Così i due artisti tornano a calcare i palchi. Non più giovanissimi, vanno incontro a tutte le complicazioni che il loro repertorio comporta: una comicità molto fisica, in scena, che prevede ritmi forsennati ed energie non sempre a disposizione. Soprattutto con l’avanzare dell’età. Questo, legato ai fastidi reciproci che entrambi covavano per via dell’eccessiva convivenza lavorativa e non solo, è il pretesto per portare sotto i riflettori un’amicizia intensa e complicata in grado di rimarcare quanto il confine fra dramma e comicità possa essere labile. Stanlio e Ollio scova nell’intimità di due icone, grazie alla credibilità di Steve Coogan e John C. Reilly, portando alla ribalta l’annientamento del giullare: quella condizione artistica per cui un artista che, per lavorare, deve sempre e comunque far ridere, non possa permettersi di soffrire. Ogni periodo opaco, ogni débacle è pagata a caro prezzo. Infatti, a oggi, il pubblico ammira Chaplin, guarda con venerazione Buster Keaton, ma adora Laurel e Hardy. Proprio perché hanno sempre trasmesso serenità, affidabilità e sicurezza. Ma a che prezzo?


Il ritratto che emerge è quello di due uomini, all’apice della loro immensità, che ormai alloggiano in piccole pensioni. Potrebbero vivere di rendita, ma il miglior guadagno restano i sorrisi della gente. Allora ci riprovano, tornano in scena per sentirsi ancora indispensabili verso una società che li ha amati (e li amerà sempre) ma è andata avanti.

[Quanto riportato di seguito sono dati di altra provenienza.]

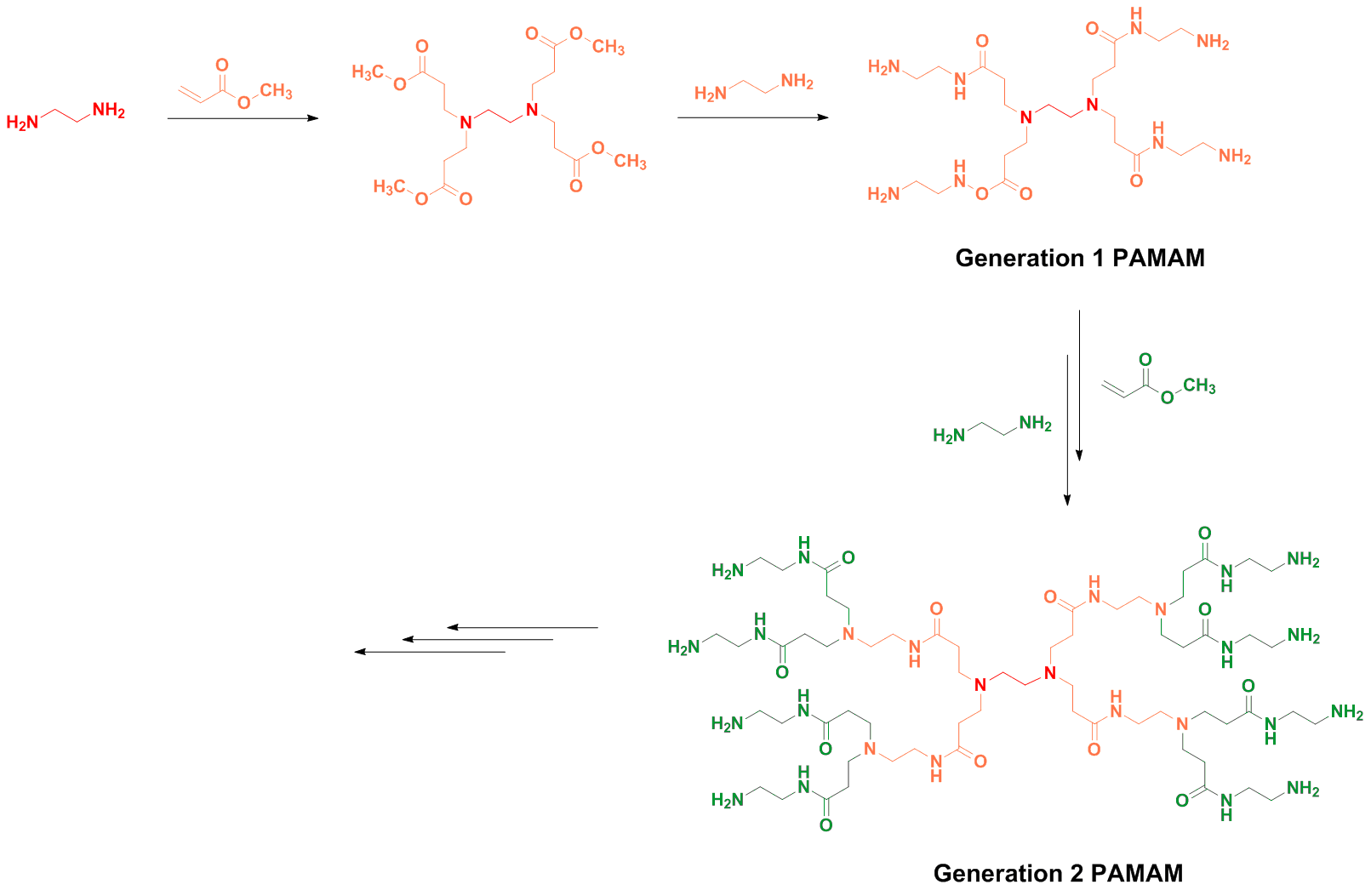 Depiction of the divergent synthetic scheme for PAMAM dendrimers, color coded by generation number.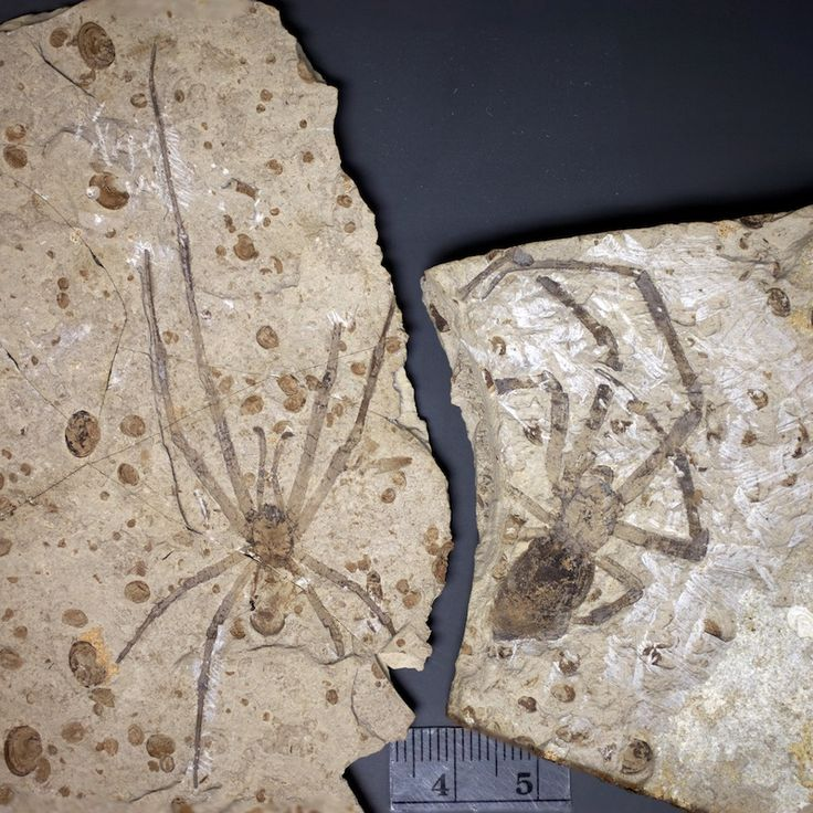 Pair of male (left) and female (right) fossil Mongolarachne jurassica, an extinct spider known from the Daohugou Beds, in Ningcheng County, northeastern China.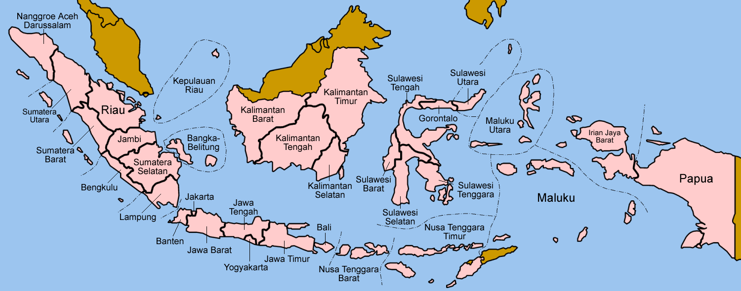 Map of the provinces of Indonesia in Indonesian. Made by User:Golbez based on a PD CIA map, using other sources to guesstimate the extent of West Irian Jaya and West Sulawesi.

Il punto focale del film è proprio questa ostinazione, congeniale ai più grandi artisti, che tiene i due aggrappati alla vita nonostante le criticità fisiche ed emotive. Stanlio e Ollio corrobora il concetto di coppia soprattutto nei retroscena, nella vita dietro le quinte, non appena il sipario si chiude. Baird ci guida nel lato oscuro di due saltimbanchi che non possono – e non vogliono – staccarsi dai loro personaggi. Per questo, l’opera è una radiografia che parte dal pubblico e scava nella dimensione privata facendo leva su ogni cicatrice che la notorietà comporta. Attraverso un istante della loro esistenza emerge una carriera fatta di alti e bassi, terminata con la consapevolezza di aver lasciato il segno.